The jungle was... safe? Safe from people at least, less so mobs. He had a little cave with a bed now that kept the hot and humid air out most of the time and while small and cramped and utterly horrible it felt far safer than returning to the others... even though he could practically hear Phils calm and nonchalant reassurances.
Leaving the small home he searches for the water he remembers spotting nearby. The bright orange tracksuit wasn't something he wanted to wear but there wasn't much of anything else and it still needed to be washed of stone dust and sweat no matter how much he disliked it. He leaves with a compass and map to find his way back, and around other peoples territory. And water is found easily with these. Stone, coal and redstone is scrubbed away in the freshwater lake that's only relatively cold, but it still feels nice, like the wind on his island in skyblock or in the skywars arenas.
Not too far away a man is working in a terrarium of his own design containing no animals but currents in thin snakes coiling around comparators and observers. The change to the nether has been an exciting one but it did come with problems for the technicians and thankfully for this one the Google hasn't broken too far beyond belief and is back in functioning order faster than expected.
Satisfied he looks at the path that he paradoxically want to end and to continue and decides to wait, flying up to sit near his portal instead to think about it and access the expansions he's already made. Something bright orange is spotted in the distance which at first is ignored, it can wait, until the realization of a possible abandoned shulker, so very common in this group, grabs him and almost instantly leaves as it moves around.
Several seconds later the orange turns brighter and the idea of lava pops in and out of his head in a flash.

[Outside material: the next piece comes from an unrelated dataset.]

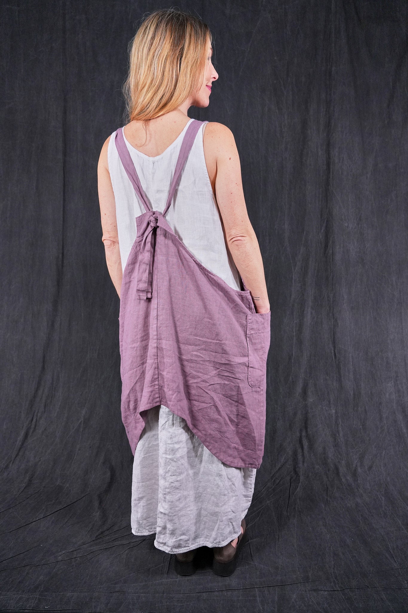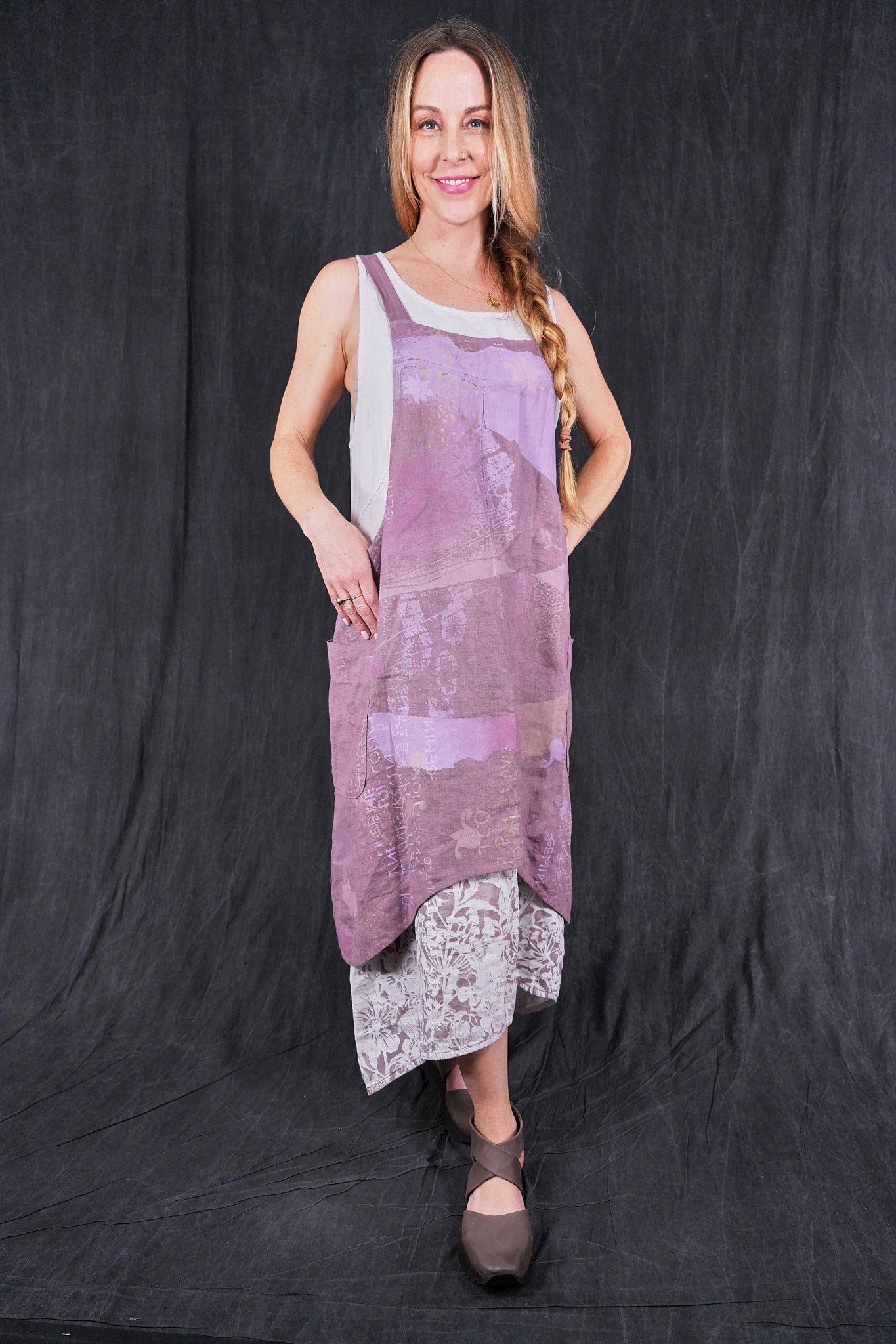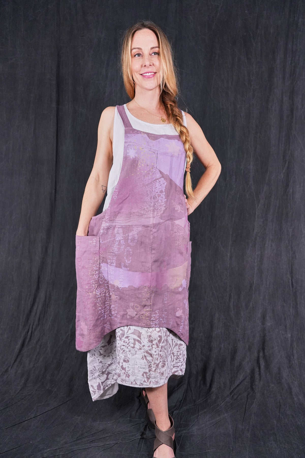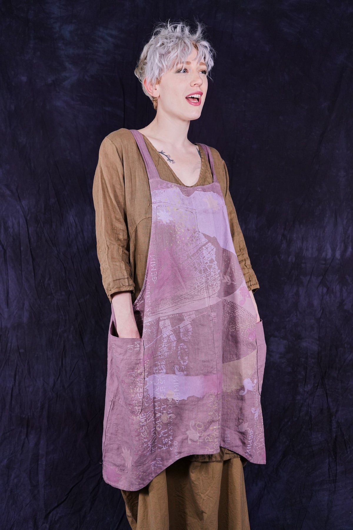 Hand-printed with abstracted & delicate, beautifully patterned moth wings...In the Blue Fish style of lagenlook, this special Cantina Apron Midlayer creates that eclectic Blue Fish look simply by layering over pants, skirts and dresses. The softest mid-weight linen with adjustable ties. Roomy pockets give function to the artful style. Get ready to garner many compliments in this essential Blue Fish Midlayer!

<Etho> Beef have to lost an orange llama? <VintageBeef> no? <VintageBeef> at least I dont think so...? <Etho> o_o
He's been keeping out of the way for a while, like usual, and only knew some of the news about new people on the server. That they'd gotten there with Rendogs sports gang by accident and that they'd been living mostly over at Bdubs' place to avoid having them be excluded to their own little village. Apparently something had happened, he'd missed the details but it was looking like there was a manhunt for someone or something that he should by all means be more invested in.
Curious he misses the orange go out of view in favour of finding out about this missing thing in case he's found it. A person and a description, hidden deep in other messages. His height, human pig hybrid, last seen wearing...
Does he want to do this? He knows his way around a jungle but it's still annoying and Xisuma lives close by... but he's most likely AFK. Well, you make a good first impression on the new guys if you find their missing friend.
--- Omniscient/Unclear POV, Technos time with Etho
Silence is golden in silver light. The hermits can stay up days on end without sleep, working through nights when it’s needed and even with guests this doesn’t change. Like the sliver of moon in the sky, Ethos hair glows radiant from inside the redstone machine he calls the Googler and Techno does nothing but look on as repeaters are moved and redstone is smeared in new paths into blocks he has never seen before, something he’s had to get used to lately.
His host works in silence until a question breaks the jungles chime and an answer is given with the rhythm. The redstone had changed and he thought he had fixed it, an unhelpful follow up is posed and a pause is moved into a somewhat oversimplified version of the circuit. They both know that Techno is no help here, but the company is nice and something is learned.
Etho in the day when working the fortress tells Techno about the old days and in turn Techno admits to never having left those old days for long. Etho talks about Pause and Beef. Techno fails to talk about his own team.